Coffee and Cigarettes was released in 2004, but French’s scene was shot some time during the preceding 18 years, during which Jarmusch filmed the movie’s 11 distinct stories. It’s not clear how much acting she subsequently did; IMDB lists just one other performance credit. Presumably, French might have found more work had her performance in Coffee been released sooner. (Jarmusch did try to do so, at one point reportedly nearing a deal to showcase the shorts on MTV before concerns about glorifying smoking scuttled things.)

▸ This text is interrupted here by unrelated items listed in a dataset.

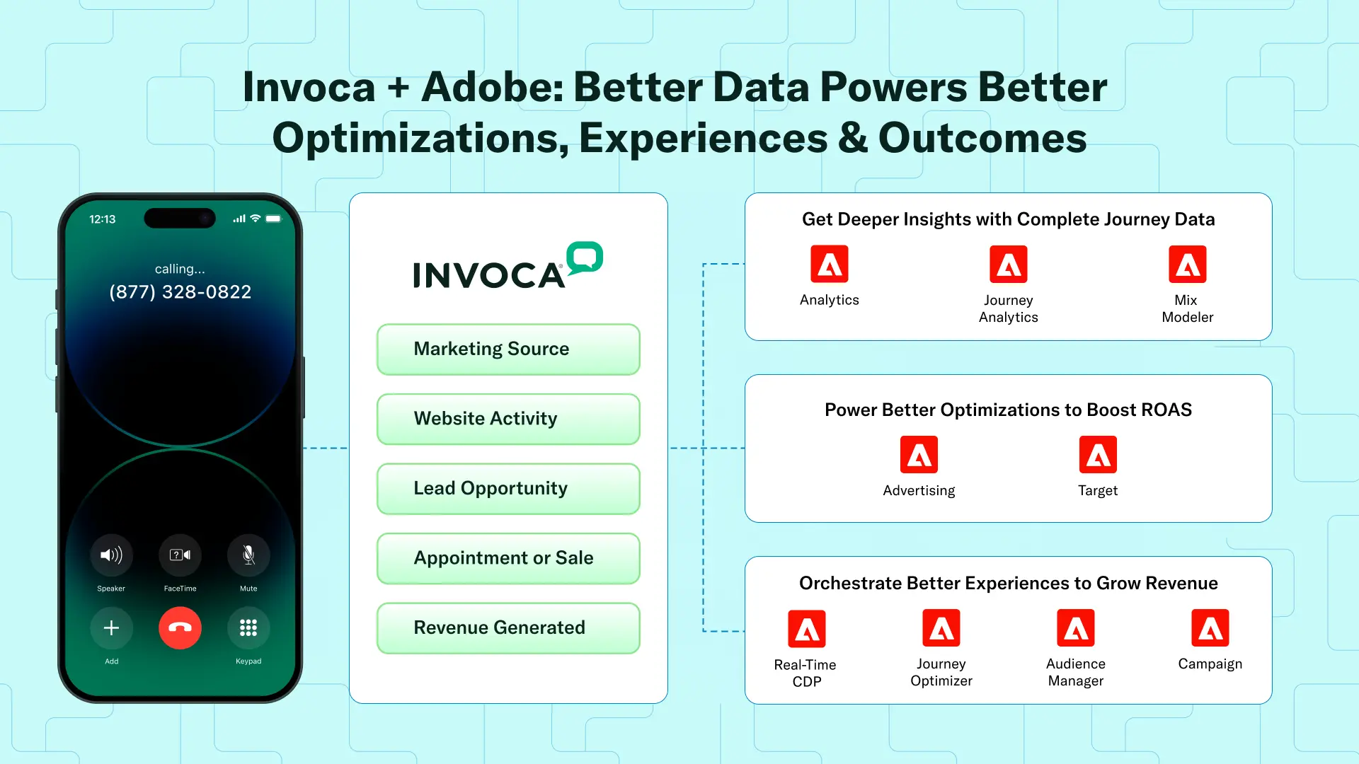 With Invoca, every offline experience and AI agent conversation is powered by the complete buyer journey: the campaigns and ads that drove demand, the pages visited, and the intent signals generated at every step. And because Invoca analyses every interaction and feeds their outcomes into Adobe and your other platforms, marketers can continuously optimise both their paid media investments and lead conversion rates.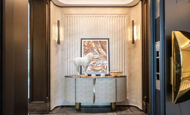 例如入户玄关铺设有“石材皇后”鱼肚印象,这种级别的奢石在很多顶豪项目中通常仅作局部镶嵌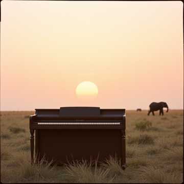 #HookImage: vintage piano standing in the middle of the savane with a éléphant on the back, realistic style, full detail high detail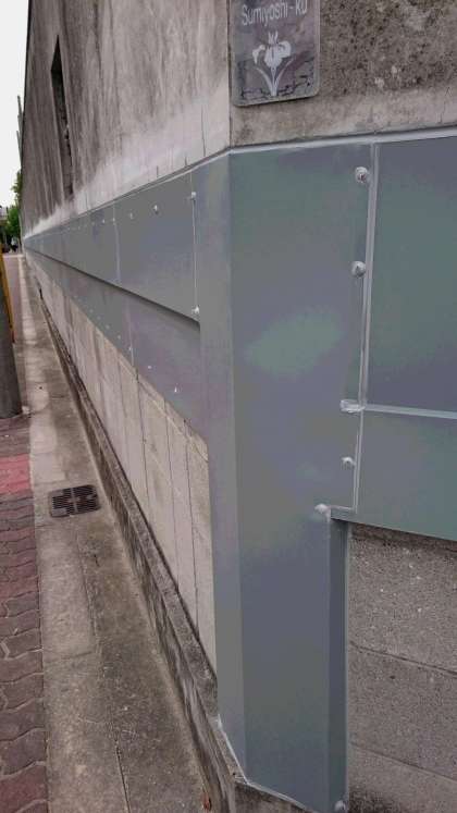 プールの外壁が、基礎の鉄材が錆びたり、その下部のブロックが崩れたりしていました。子どもたちの通学路で地域の生活道路の歩道にも面しているため安全に通行できるように改修工事をしました。鋼材が張られたり、コーキングされたり 綺麗になりました。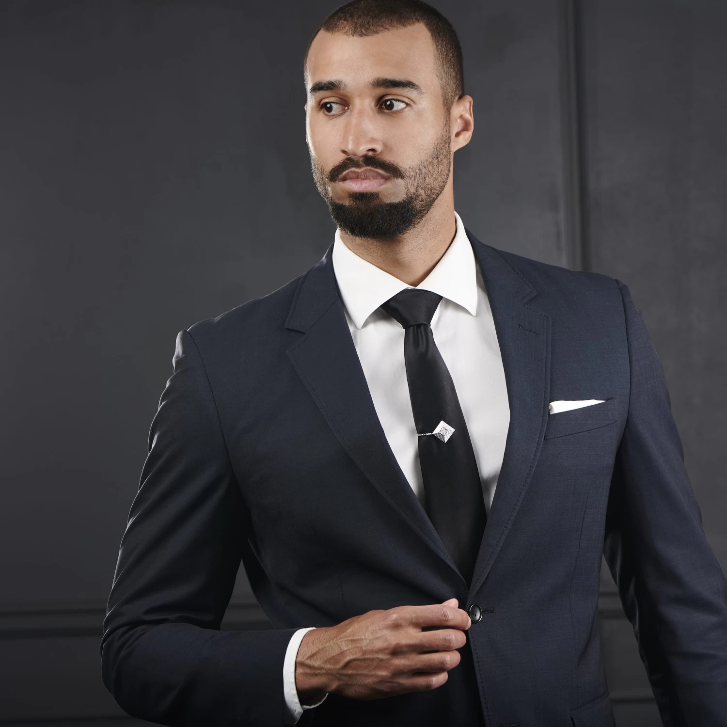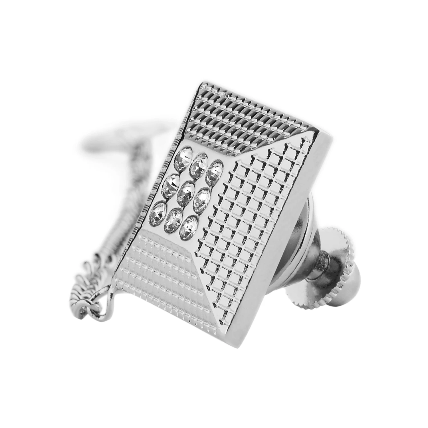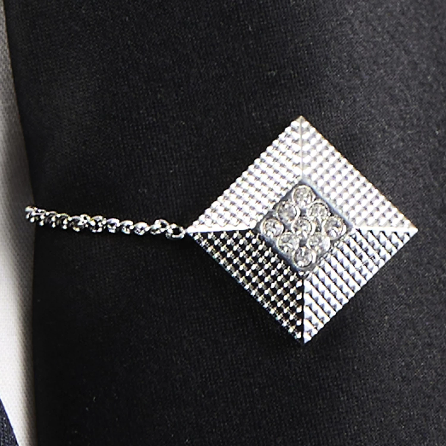 Secure your neckwear with this stunning tie pin chain. Features a smart pyramid motif encrusted with clear crystals. Simply pierce your tie and shirt placket and secure from behind using the strong clasp. The chain attaches to a button behind your neckwear for added charm and security.

After Jarmusch memorialized French on his Instagram, photographer Stephen Torton wrote about her recent life, saying in a comment, “Renee was a single mom and a front line nurse who died after months of near round the clock work.“ Another commenter wrote, “ She helped my mom when she was at her lowest during the peak of this pandemic. I’ll be forever grateful for her compassion and love for helping others.” French was a longtime New Yorker, and other friends remembered her working at and patronizing various downtown bars in the 1990s. “She cared about fellow humans,” one wrote. Jarmusch remembered her as “a truly rare and remarkable human being... kind, selfless, beautiful.”
It’s clear, in other social media posts, that French was grappling with the emotional toll of her work. At one point she wrote, as the pandemic waned, “I am struggling coming out of this ‘dream’.” Another time: “Just wanna have a few drinks and SLEEP.“
In the week and a half since I learned of French’s death, my thoughts have repeatedly returned to her. I saw Coffee for the first time maybe a month ago, part of a Jarmusch binge that began in March, as the city began its move indoors. In her work we see that peace is necessary for compassion, that providing solitude is as much an act of love as active care. I wish as a city and community we could have provided Renée with more of these things, and looking at what we together have gone through, and what many brave people have fought for, these last few days, I think they clearly are also needed by our most vulnerable citizens. Let people alone to live in peace, to care for others and to pursue happiness.